■ **Directions for this task**
Restate the listing below word for word; no pictures belong in the copy.

■ **Source data**
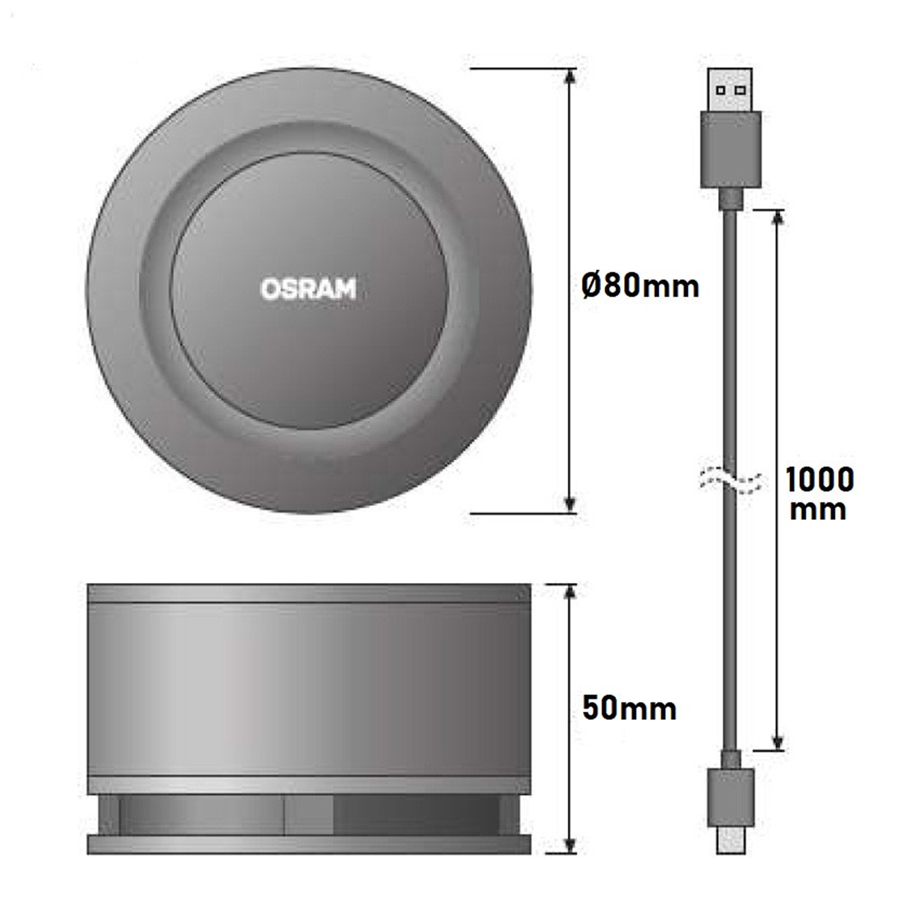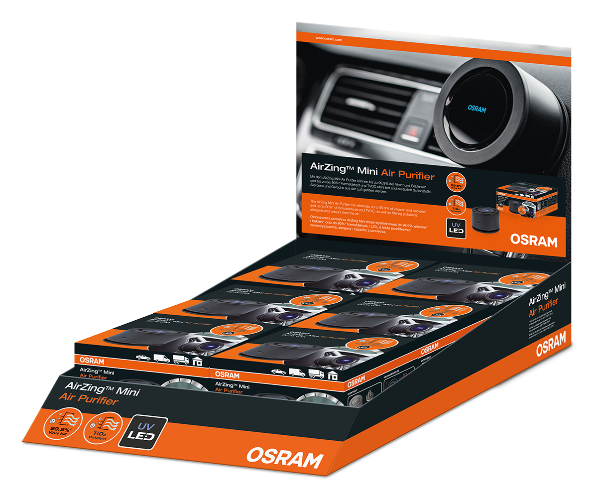 OSRAM AirZing Mini-Luftreiniger 5V 2W UV-A (360-370 nm) zur Verwendung in Fahrzeugen 80x50 mm 1m USB-Stromkabel DC 5V
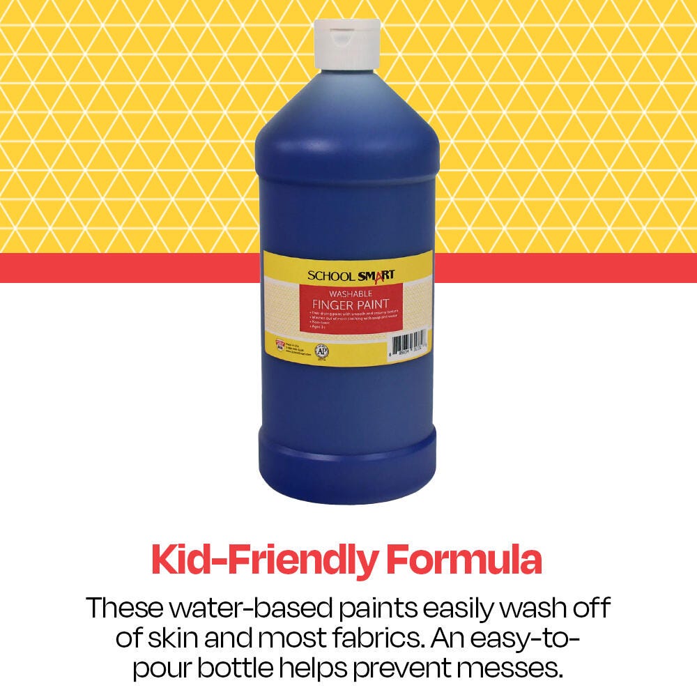 School Smart washable finger paint lets young children’s imaginations soar. This blue washable finger paint comes in an economical 1 quart bottle. This paint can be used for painting indoors or outdoors and arts and crafts projects at schools, childcare centers, or homes. Children can explore the tactile world through hand and finger painting for beginners. Little hands have fun, while clean up afterward is a breeze for teachers and parents. The vibrant, fast drying paint for kids has a smooth texture. This non-toxic finger paint washes out of most clothing with soap and cold water.
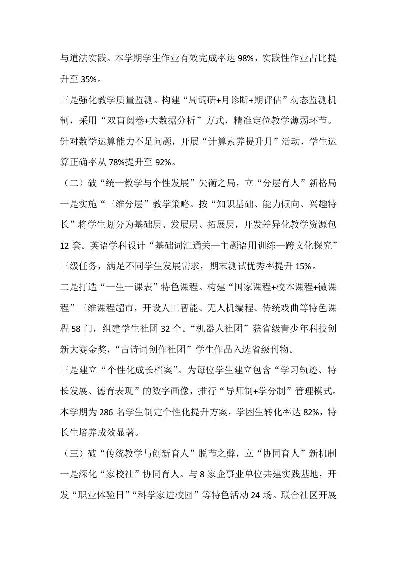 分管教学副校长期末工作总结:三破三立促双减,四维聚力提质量 09-03 工作总结 1.36k ——预览已结束,还剩4页未读——开通会员后可免费下载高清完整文档 资源下载此资源下载价格为15米,VIP免费,请先登录 资源下载下载价格15 米VIP免费请先登录 0 0

■ **Result below**
 OSRAM AirZing Mini-Luftreiniger 5V 2W UV-A (360-370 nm) zur Verwendung in Fahrzeugen 80x50 mm 1m USB-Stromkabel DC 5V
 School Smart washable finger paint lets young children’s imaginations soar. This blue washable finger paint comes in an economical 1 quart bottle. This paint can be used for painting indoors or outdoors and arts and crafts projects at schools, childcare centers, or homes. Children can explore the tactile world through hand and finger painting for beginners. Little hands have fun, while clean up afterward is a breeze for teachers and parents. The vibrant, fast drying paint for kids has a smooth texture. This non-toxic finger paint washes out of most clothing with soap and cold water.
 分管教学副校长期末工作总结:三破三立促双减,四维聚力提质量 09-03 工作总结 1.36k ——预览已结束,还剩4页未读——开通会员后可免费下载高清完整文档 资源下载此资源下载价格为15米,VIP免费,请先登录 资源下载下载价格15 米VIP免费请先登录 0 0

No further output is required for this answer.